### Aim of the exercise
What you write should match, word for word, the lines from the one containing "第二步:在新打开的账号设置页" through the end of the data, with no pictures.

### The data
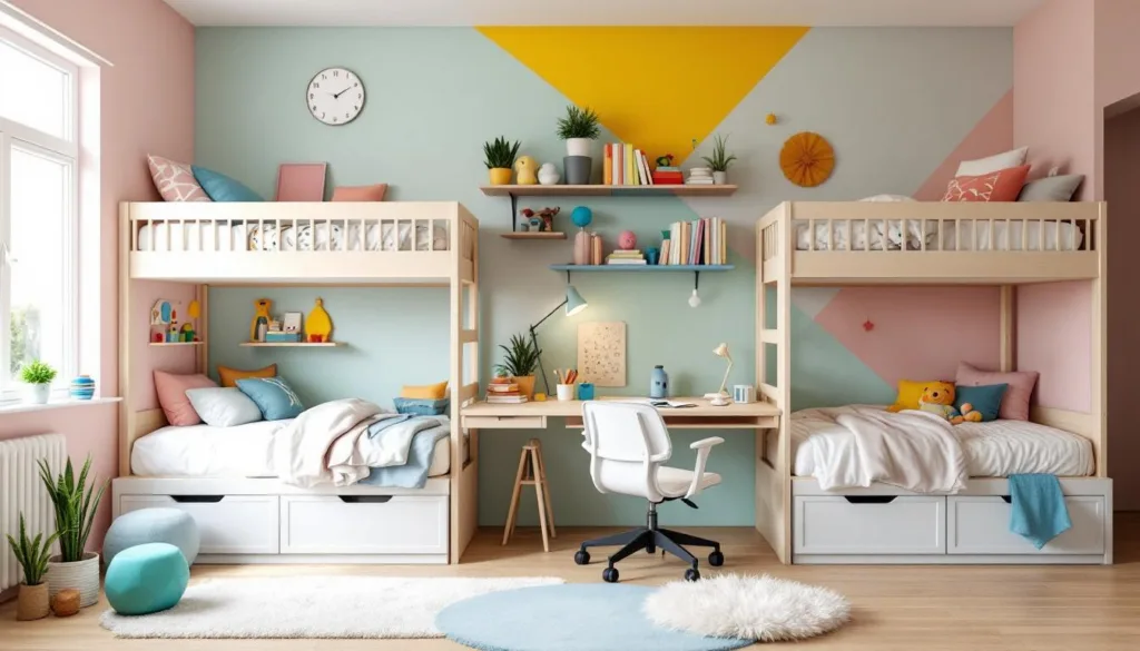 projektant wnętrz radzi, jak funkcjonalnie i estetycznie urządzić pokój o powierzchni 20 m² dla dwójki dzieci, maksymalizując przestrzeń i wygodę.
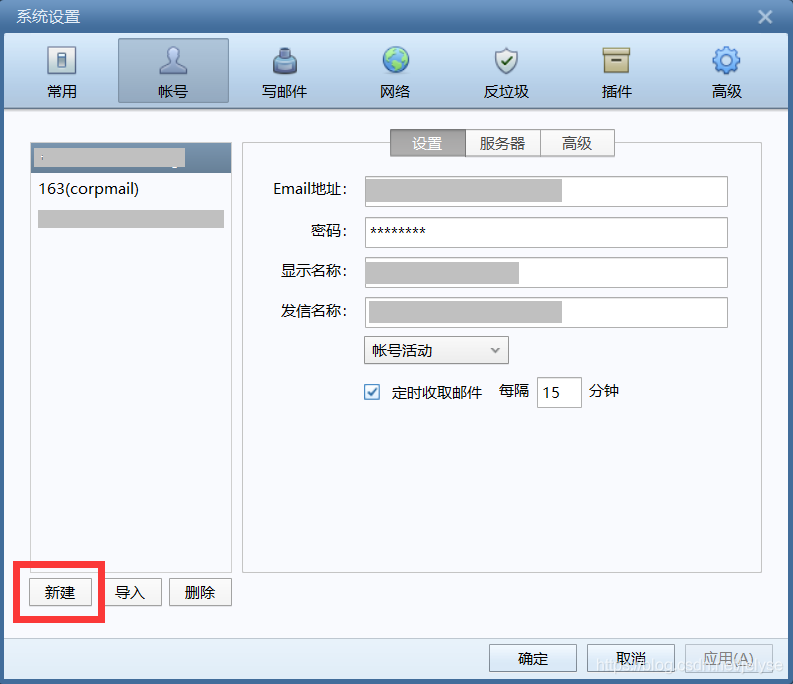 第二步:在新打开的账号设置页面,点击“新建”,在新建账号页面,输入完整的邮箱账号和密码,点击“手动设置”
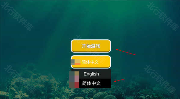 1、启动游戏,点击屏幕中央选语言,然后点击开始游戏;
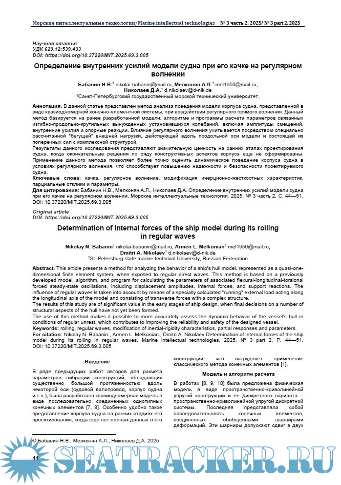 Морские интеллектуальные технологии 2025 № 3 часть 2
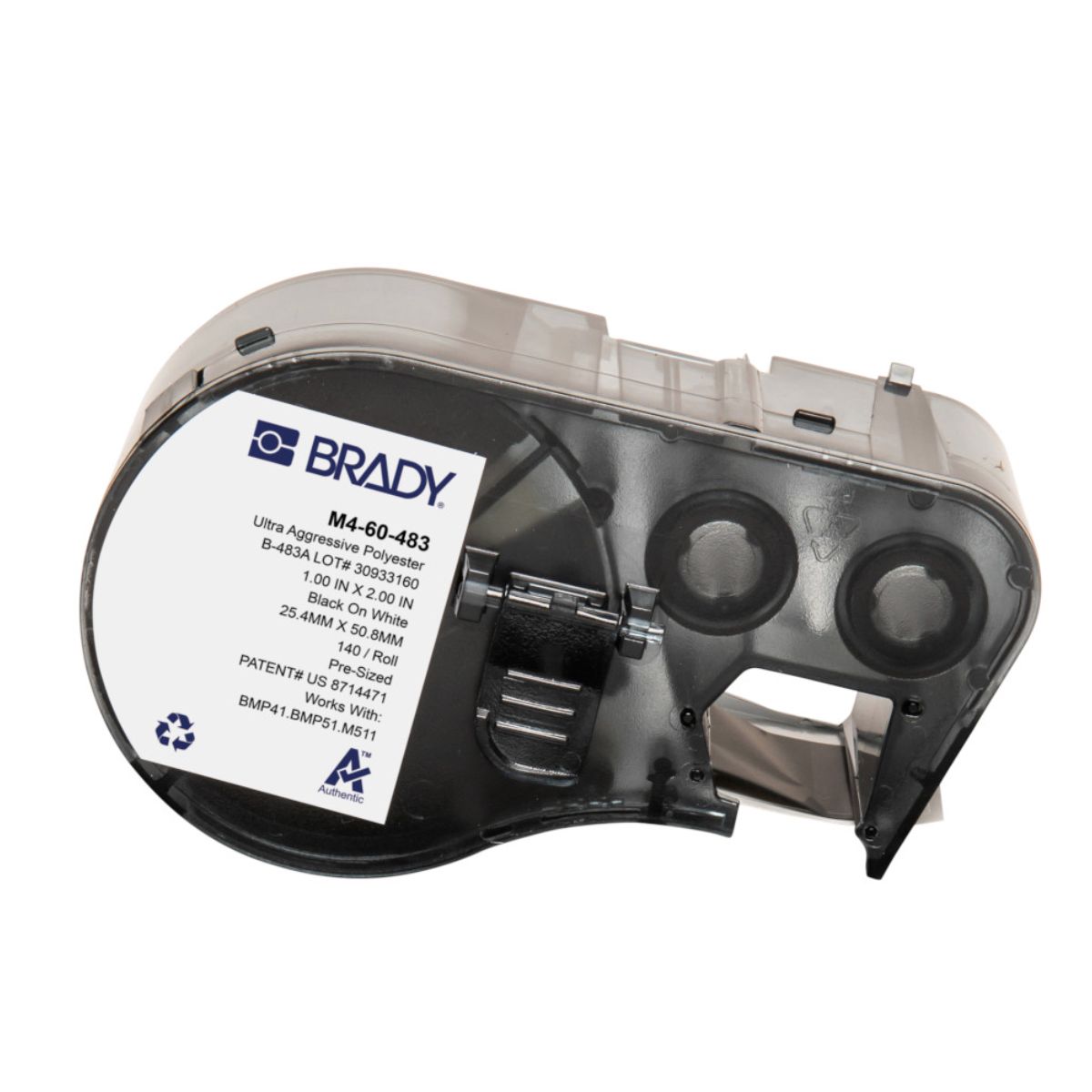 A Etiqueta Brady B483 M4-60-483 é fabricada em poliéster ultra-agressivo de altíssima performance, apresentando formato grande com dimensões de 50,8 mm de largura por 25,4 mm de altura. Este material premium foi desenvolvido para as aplicações mais exigentes, com adesivo ultra-agressivo que proporciona fixação permanente mesmo em superfícies complexas como polipropileno, polietileno, PVC e outros plásticos de baixa energia superficial. A superfície branca oferece excelente contraste para impressões em preto, garantindo máxima legibilidade e espaço amplo para informações detalhadas em ambientes industriais severos.
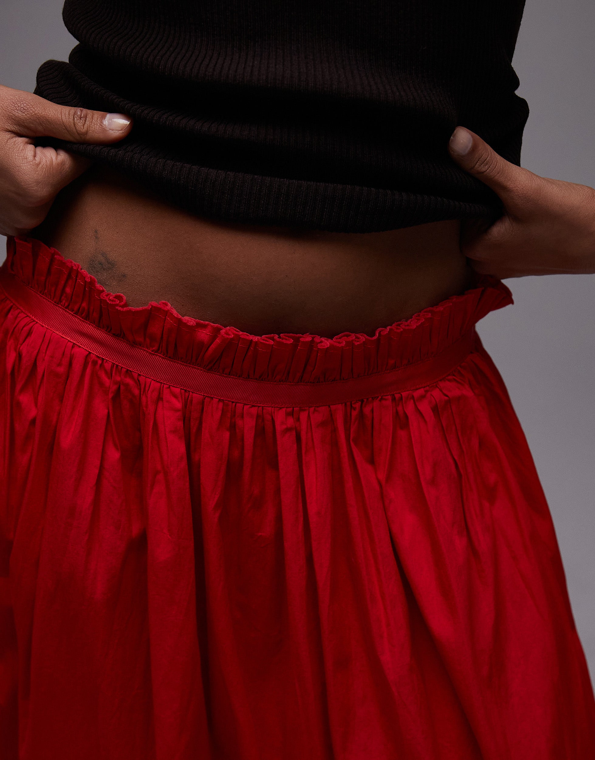 Topshop crinkle cotton laundered full skirt in red - RED
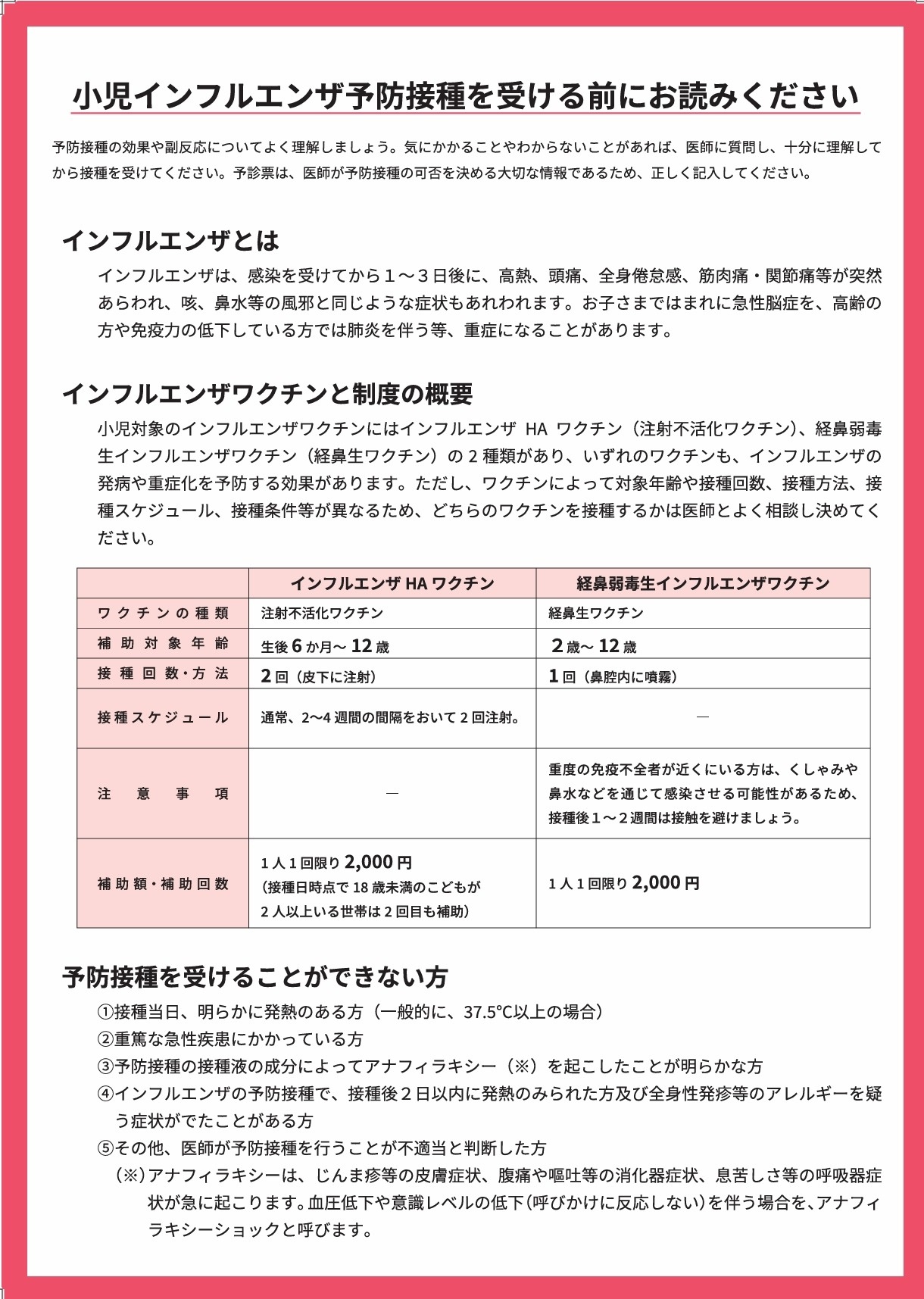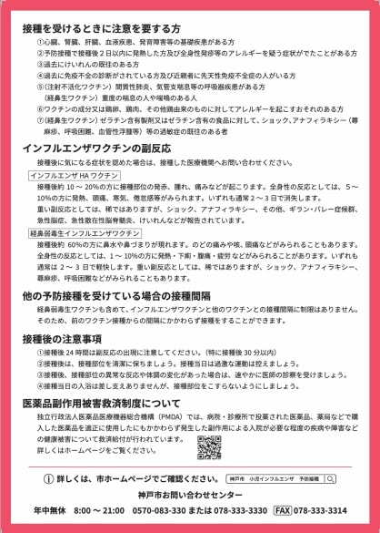 インフルエンザワクチンの接種も感染予防に効果的です。生後 6 か月から接種できますので、お子さまの予防接種についてはかかりつけの先生に相談して、ご検討ください。
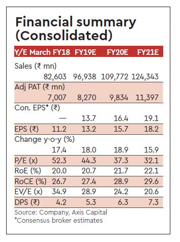 A&P expenses, while higher in Q2, to remain at 3% of revenue going forward. Capex in FY19 (including new RAC plant) would be Rs 5 bn; regular capex post that would be reduced to Rs 2 bn driving RoCEs/FcFF generation.
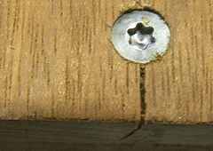 För att förhindra att skruvarna sticker ut rekommenderar vi att alla skruvar försänkas.
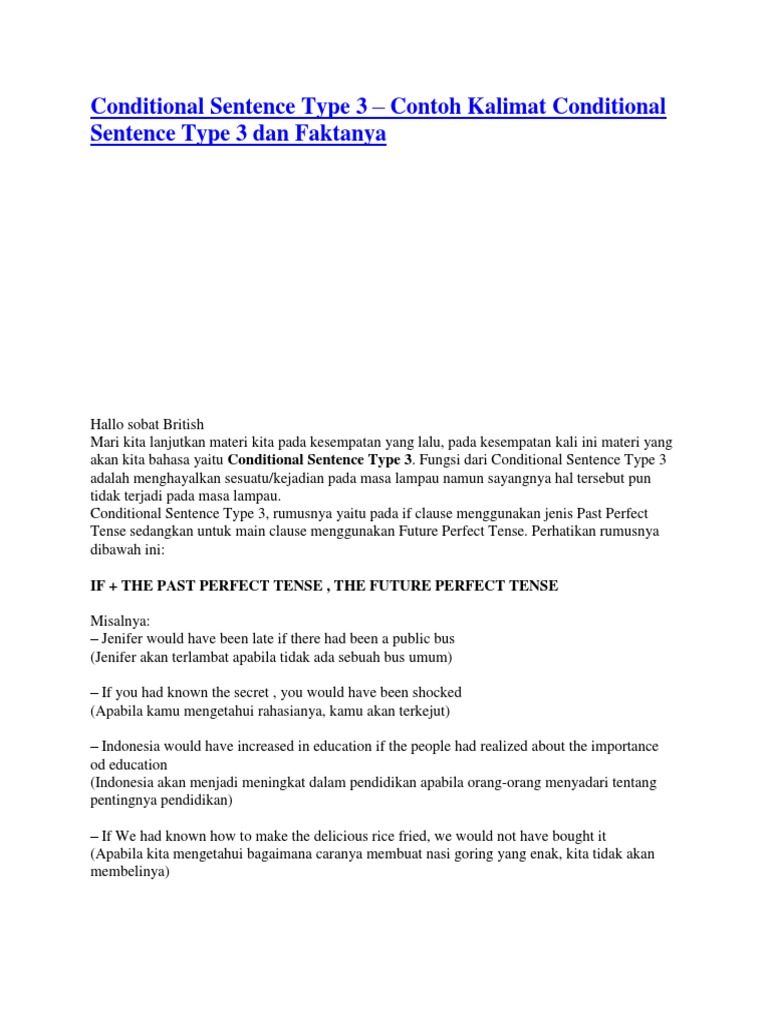 DOC) Pengertian Conditional Sentence Type 3 | ita iza - Academia.edu
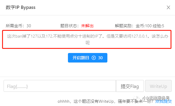 本身做了过滤,尝试数字IP Bypass中的方式,成功拿到flag
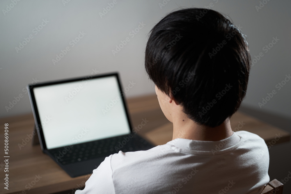 夜中にノートパソコンに向かうアジア人男性

### Result for this exercise
 第二步:在新打开的账号设置页面,点击“新建”,在新建账号页面,输入完整的邮箱账号和密码,点击“手动设置”
 1、启动游戏,点击屏幕中央选语言,然后点击开始游戏;
 Морские интеллектуальные технологии 2025 № 3 часть 2
 A Etiqueta Brady B483 M4-60-483 é fabricada em poliéster ultra-agressivo de altíssima performance, apresentando formato grande com dimensões de 50,8 mm de largura por 25,4 mm de altura. Este material premium foi desenvolvido para as aplicações mais exigentes, com adesivo ultra-agressivo que proporciona fixação permanente mesmo em superfícies complexas como polipropileno, polietileno, PVC e outros plásticos de baixa energia superficial. A superfície branca oferece excelente contraste para impressões em preto, garantindo máxima legibilidade e espaço amplo para informações detalhadas em ambientes industriais severos.
 Topshop crinkle cotton laundered full skirt in red - RED
 インフルエンザワクチンの接種も感染予防に効果的です。生後 6 か月から接種できますので、お子さまの予防接種についてはかかりつけの先生に相談して、ご検討ください。
 A&P expenses, while higher in Q2, to remain at 3% of revenue going forward. Capex in FY19 (including new RAC plant) would be Rs 5 bn; regular capex post that would be reduced to Rs 2 bn driving RoCEs/FcFF generation.
 För att förhindra att skruvarna sticker ut rekommenderar vi att alla skruvar försänkas.
 DOC) Pengertian Conditional Sentence Type 3 | ita iza - Academia.edu
 本身做了过滤,尝试数字IP Bypass中的方式,成功拿到flag
 夜中にノートパソコンに向かうアジア人男性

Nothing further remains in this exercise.